As I reported in my previous e-mail, I wrote some sort of
RequestInterceptor. This class is based on the replies to my resume
about my proposal. Most part are derived from the code by Dmitry.(Thank
you Dmitry!) So, before I'll explain about my new proposal, I'd like to
resume the discussion about my proposal, again.

We've reached the following conclusion:

1. To get the correct parameter string, we need to know the character
encoding by which the original string was encoded.

2. According to the HTTP spec, such an encoding should be specified by
the 'charset' attribute of the 'content-type' header. But the WWW
browsers in the real world does not supply this attribute. Because there
are NO effective way to guess the correct 'charset' for all the case, it
will be preferable that the webmaster supply such an information, rather
than guess it. (S/he knows in what 'charset' the parameter strings are
encoded.)

3. To convert the encoded character stream to the string, I should not
use 'ByteArrayOutputStream', because allocating 'byte[]' again and again
results in the frequent GC and performance issue.
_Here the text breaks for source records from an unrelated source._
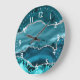 Teal and Silver Faux Glitter Marble Agate Large Clock
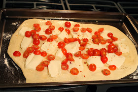 3. Spread sliced mozzarella and tomatoes evenly across the pizza.
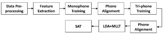 Since Thai is a tonal language, we extracted MFCC together with pitch features to help improve the system’s overall performance [26]. After these features were extracted, we then transformed MFCC and pitch features with cepstral mean and variance normalization following the training sequence shown in Figure 6.
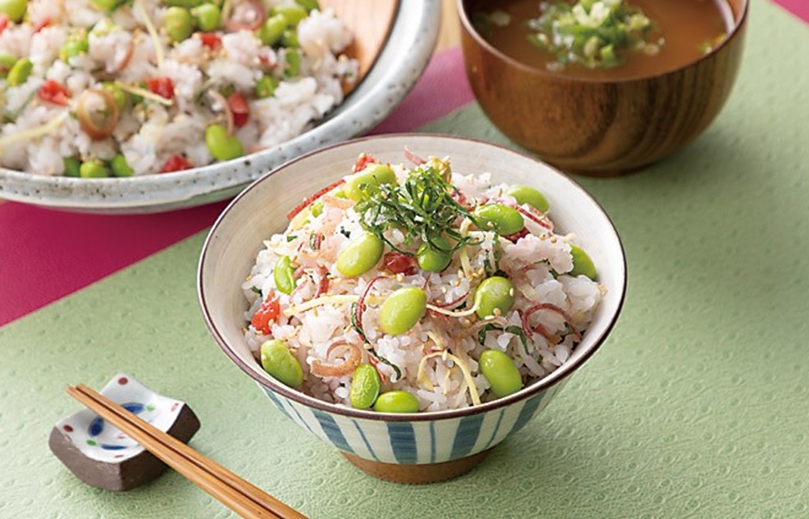 #みょうが子#混ぜご飯#枝豆#梅干し#大葉#生姜
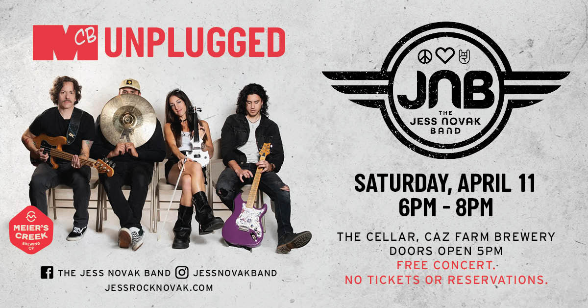 Join us Saturday, April 11 from 6PM–8PM for MCB Unplugged featuring The Jess Novak Band in The Cellar. Doors open at 5PM, so come early, grab a pint, and settle in for an unforgettable acoustic set. Show starts at 6PM!

4. It is preferable that decoding is processed by some sort of
'RequestInterceptor', rather than inside from 'RequestImpl'. To do this,
'RequestInterceptor' should implement the new 'hook' method,
'afterRead()'.

5. When Servlet2.3 specification available, we may have more
sophisticated way to these problems.

The following is my comment to the recent posting:

Dmitry:
>> 3. The practical way to guess the encoding is to determine
>> the first language in the 'accept-language' values.

> How is that possible? Do you know any good solutions
> how to tell the encoding from the locale?
> There's often several charsets suitable for each language
> -- which one of them would you choose?

> Then, at my experience, LOTS of users never set the language
> properly. They just not even aware of the existance of these
> settings, or don't want to bother themselves with this kind
> of stuff.
> They already have the browser installer, then what do you
> expect them to do? Tune it? No bloody way!

I agree with you. Most users does not take care of this configuration.
Depending on the language listed first in 'accept-language' will not
help Tomcat to know the 'charset'.
BTW, 'Locale' retrieved by 'HttpServletRequest.getLocale()' fully
depends on this information. Can we take any benefit from this 'Locale'?

Dmitry:
>> 4. To convert the encoded character stream to the string,
>> I should not use 'ByteArrayOutputStream', because
>> allocating 'byte[]' again and again results in the frequent
>> GC and performance issue.

> Yes, this approach seems to be wasteful a bit.
> I can present a piece of code we're using for the same
> purpose. Out goal was to get rid of the char, String and
> StringBuffer operations also, the ones which bring dynamic
> memory allocation, such as String concatenation.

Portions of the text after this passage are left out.